Information provided:

┄┄┄┄┄┄┄┄┄┄

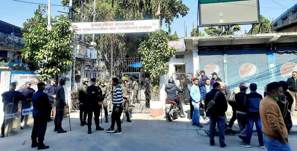 धरान उपमहानगरपालिकाको मुख्य द्वारमा सुरक्षाकर्मी राखेर कर्मचारीबाहेक अरुलाई प्रवेश गर्न दिइएको छैन।
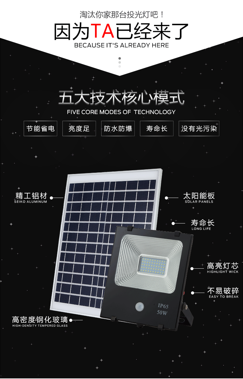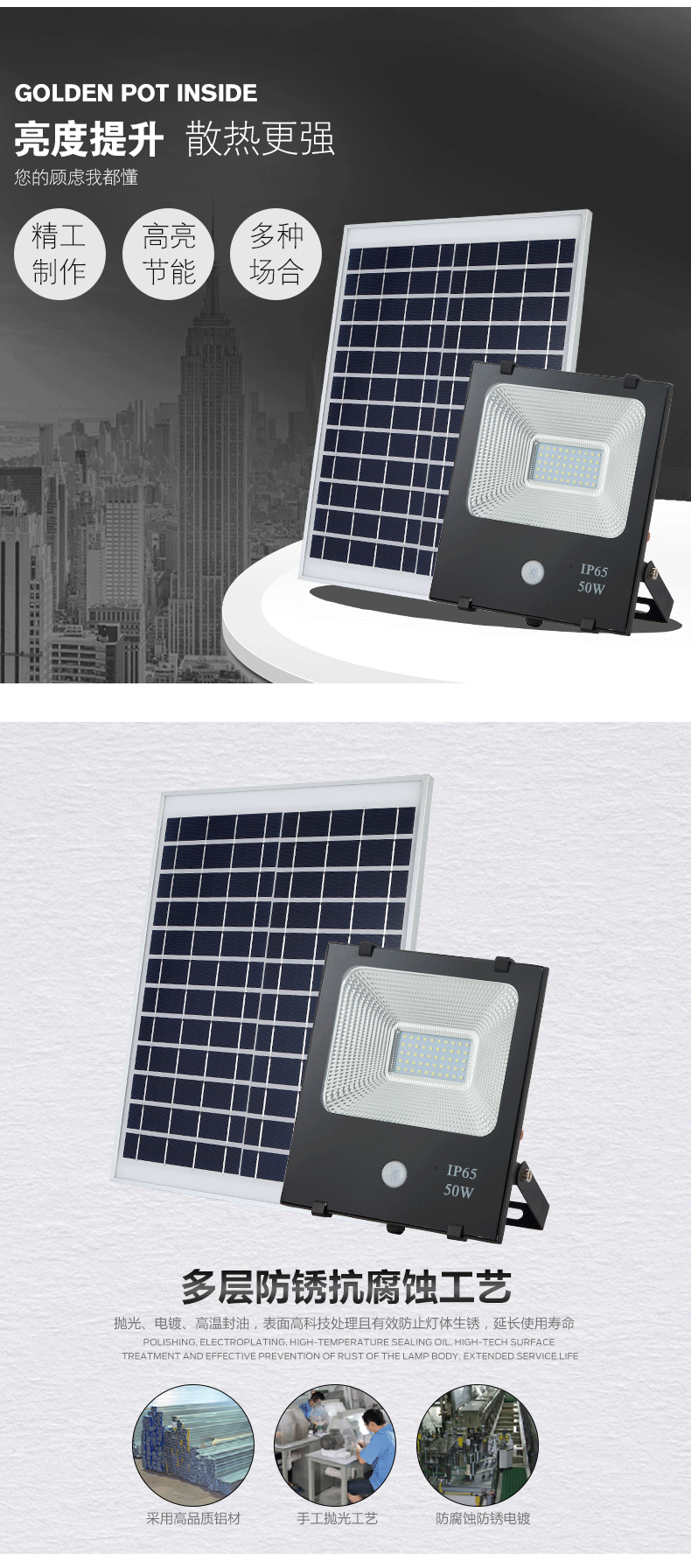 10w 20w 30w 50w 太阳能人体感应投光灯PIR sensor floodlight
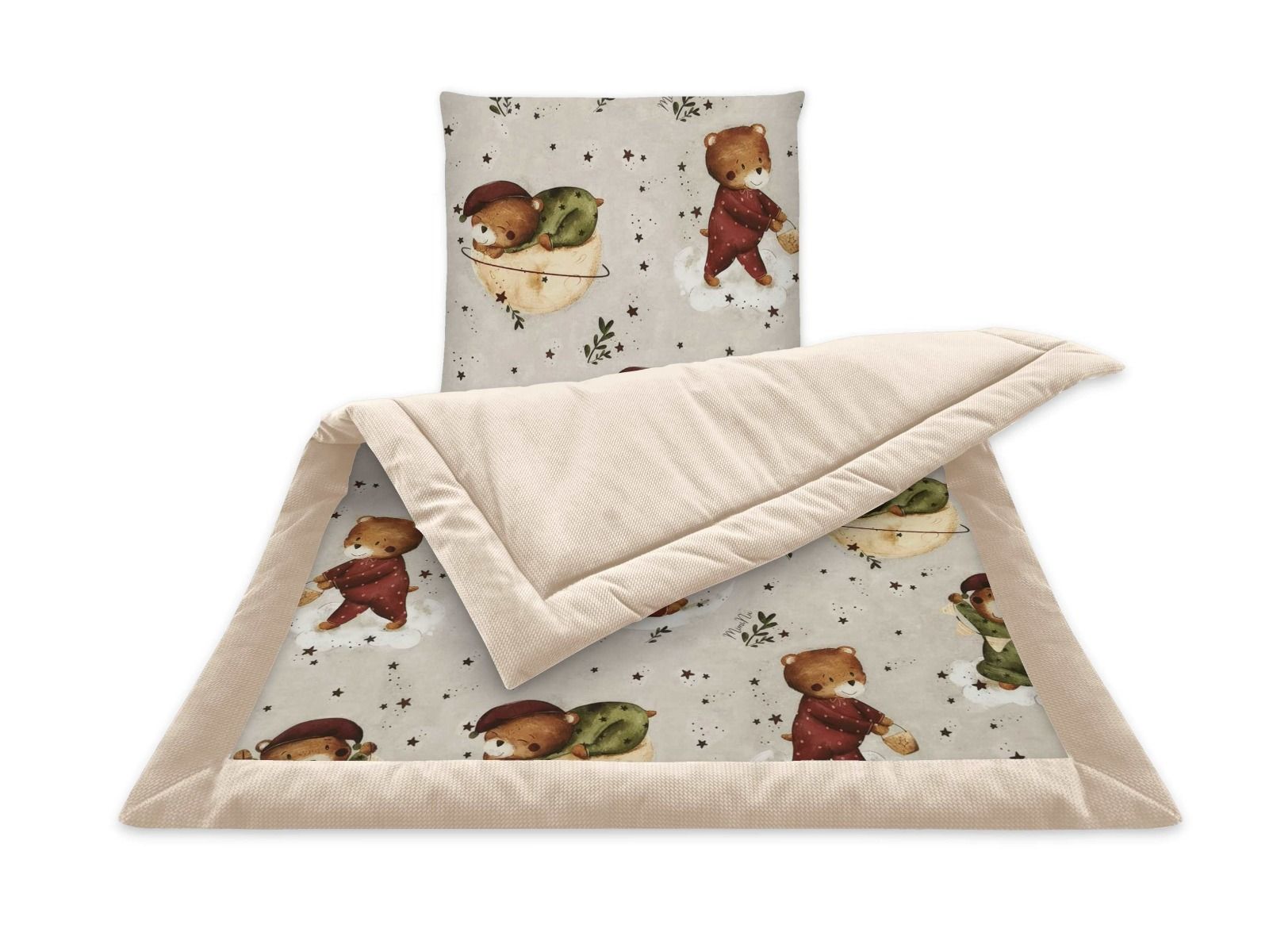 Smalks un elegants komplekts: sega ar dekoratīvu rāmi + spilvens bērnam.

┄┄┄┄┄┄┄┄┄┄

Task to complete:
Without including any pictures, set down word for word every line from the one containing "10w 20w 30w" through the last line of the material.

Expected answer:
 10w 20w 30w 50w 太阳能人体感应投光灯PIR sensor floodlight
 Smalks un elegants komplekts: sega ar dekoratīvu rāmi + spilvens bērnam.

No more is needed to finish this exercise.